Instructions to follow: Copy exactly the lines of the data below, beginning with the line with "the cores. |" and ending with the line with "そして第4試合では愛媛プロレ". Pictures are to be omitted.

Information given:
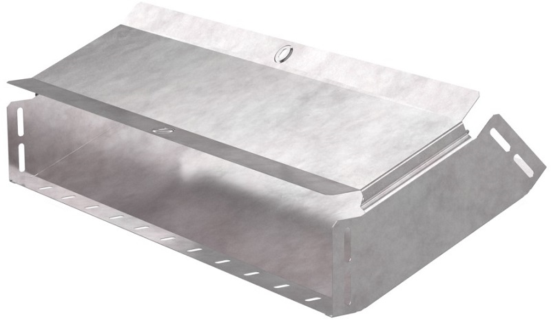 Аксессуары для лотков Промрукав подходят для соединения между собой лотков серии «Стандарт» в любой комбинации. Аксессуары изготавливают из оцинкованной ленты по методу Сендзимира, с толщиной цинкового покрытия от 19 до 23 мкм. Угол вертикальный внешний 45 градусов предназначен для спуска кабельных трасс на 45 градусов, для перфорированных и глухих лотков. В комплект входит крышка.
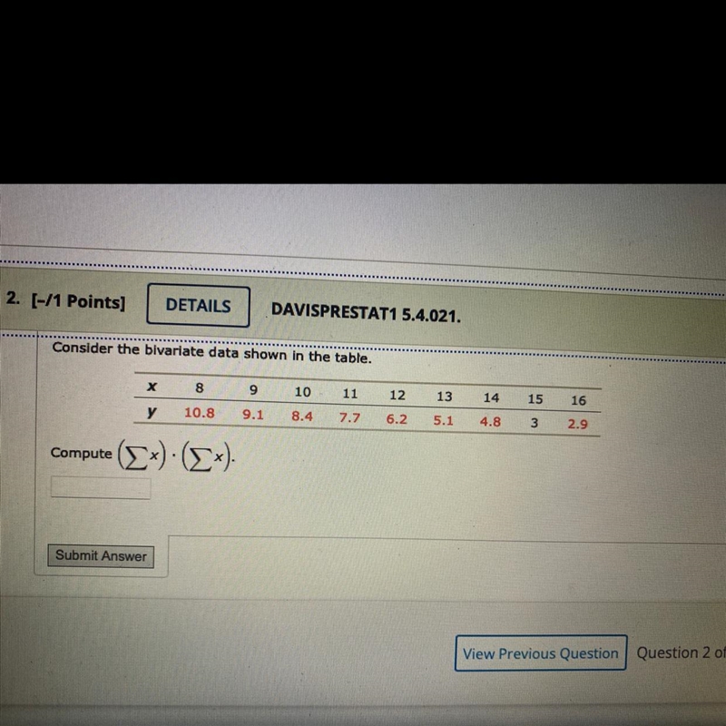 (Σx)*(Σx) = Σx^2 = 108 * 108
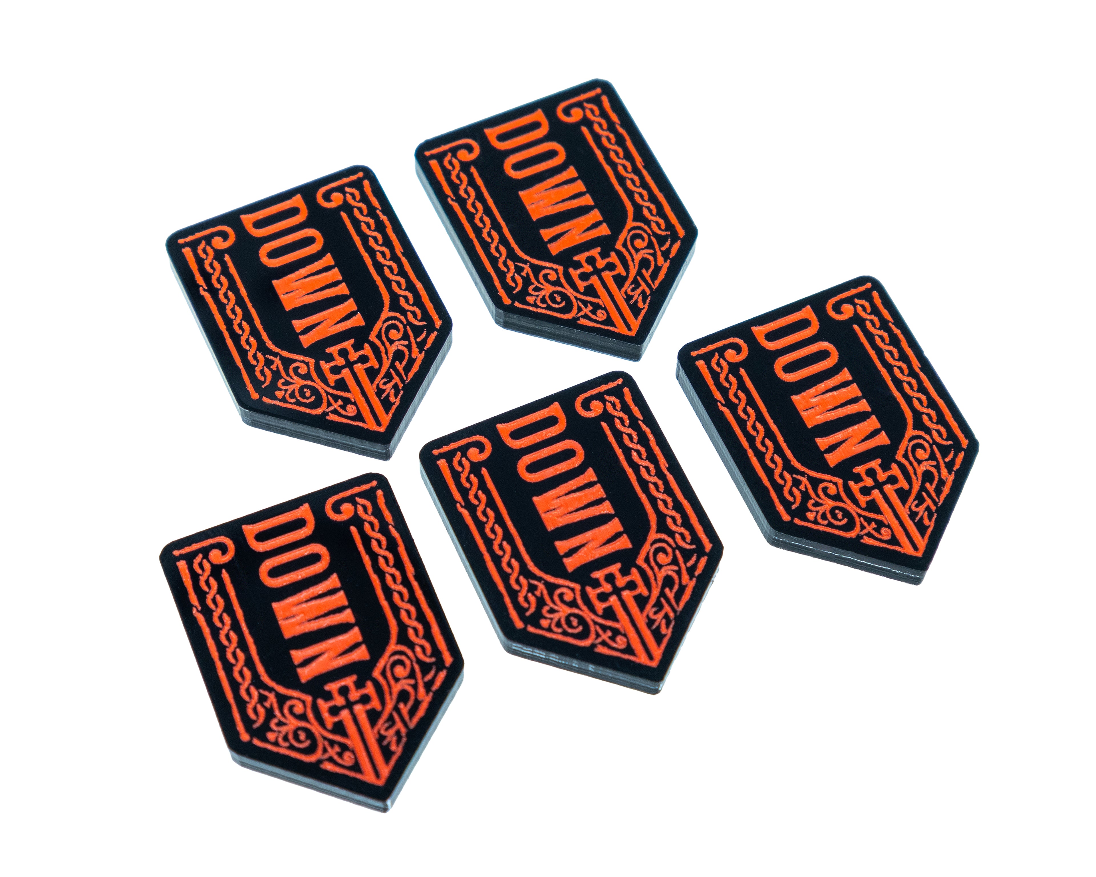 - 5 x Downed token, double sided, etched and cut from black 3mm acrylic and painted red on both sides. Measuring 24mm x 18mm.
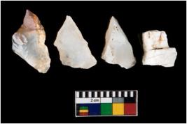 | Description / विवरण | There are n-4 of utilized flake cores. There are multidirectional irregular dominant scar pattern on both dorsal and ventral face of the cores. |
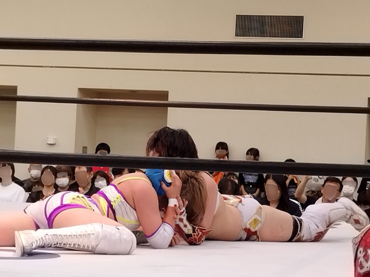 そして第4試合では愛媛プロレス唯一の女子選手、鶴姫花選手が女子プロレス界のトップ戦線に君臨する新興団体、マリーゴールド所属の林下詩美選手とシングルマッチ。強大な相手にも果敢に挑み、何度となく会場を沸かせる姫花選手、愛媛プロレスファンの声援を一身に背負って戦うも、やはり壁は分厚く、最後は詩美選手の高角度ジャーマンスープレックスで敗北。それでも未来に繋がる期待感をひしひしと感じる素晴らしい一戦でした!
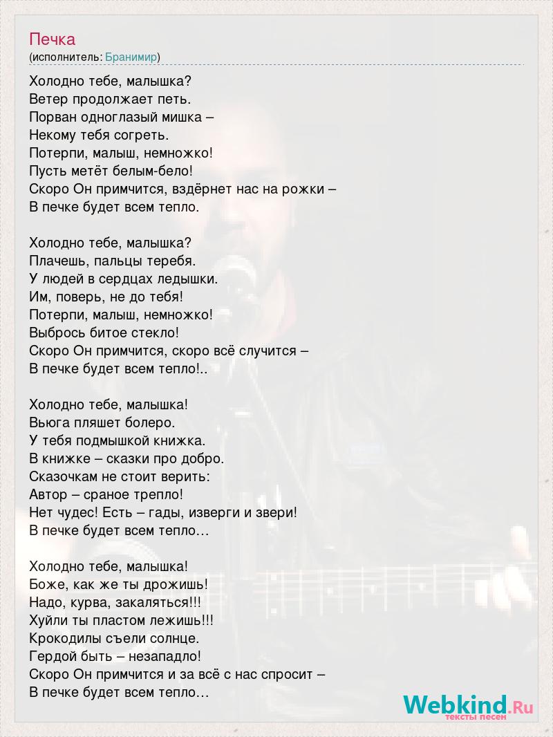Холодно тебе, малышка? Ветер продолжает петь. Порван одноглазый мишка – Некому тебя согреть. Потерпи, малыш, немножко! Пусть метёт белым-бело! Скоро Он примчится, вздёрнет нас на рожки – В печке будет всем тепло. Холодно тебе, малышка? Плачешь, пальцы теребя. У людей в сердцах ледышки. Им, поверь, не до тебя! Потерпи, малыш, немножко! Выбрось битое стекло! Скоро Он примчится, скоро всё случится – В печке будет всем тепло!.. Холодно тебе, малышка! Вьюга пляшет болеро. У тебя подмышкой книжка. В книжке – сказки про добро. Сказочкам не стоит верить: Автор – сраное трепло! Нет чудес! Есть – гады, изверги и звери! В печке будет всем тепло… Холодно тебе, малышка! Боже, как же ты дрожишь! Надо, курва, закаляться!!! Хуйли ты пластом лежишь!!! Крокодилы съели солнце. Гердой быть – незападло! Скоро Он примчится и за всё с нас спросит – В печке будет всем тепло…

Answer to this problem:
 | Description / विवरण | There are n-4 of utilized flake cores. There are multidirectional irregular dominant scar pattern on both dorsal and ventral face of the cores. |
 そして第4試合では愛媛プロレス唯一の女子選手、鶴姫花選手が女子プロレス界のトップ戦線に君臨する新興団体、マリーゴールド所属の林下詩美選手とシングルマッチ。強大な相手にも果敢に挑み、何度となく会場を沸かせる姫花選手、愛媛プロレスファンの声援を一身に背負って戦うも、やはり壁は分厚く、最後は詩美選手の高角度ジャーマンスープレックスで敗北。それでも未来に繋がる期待感をひしひしと感じる素晴らしい一戦でした!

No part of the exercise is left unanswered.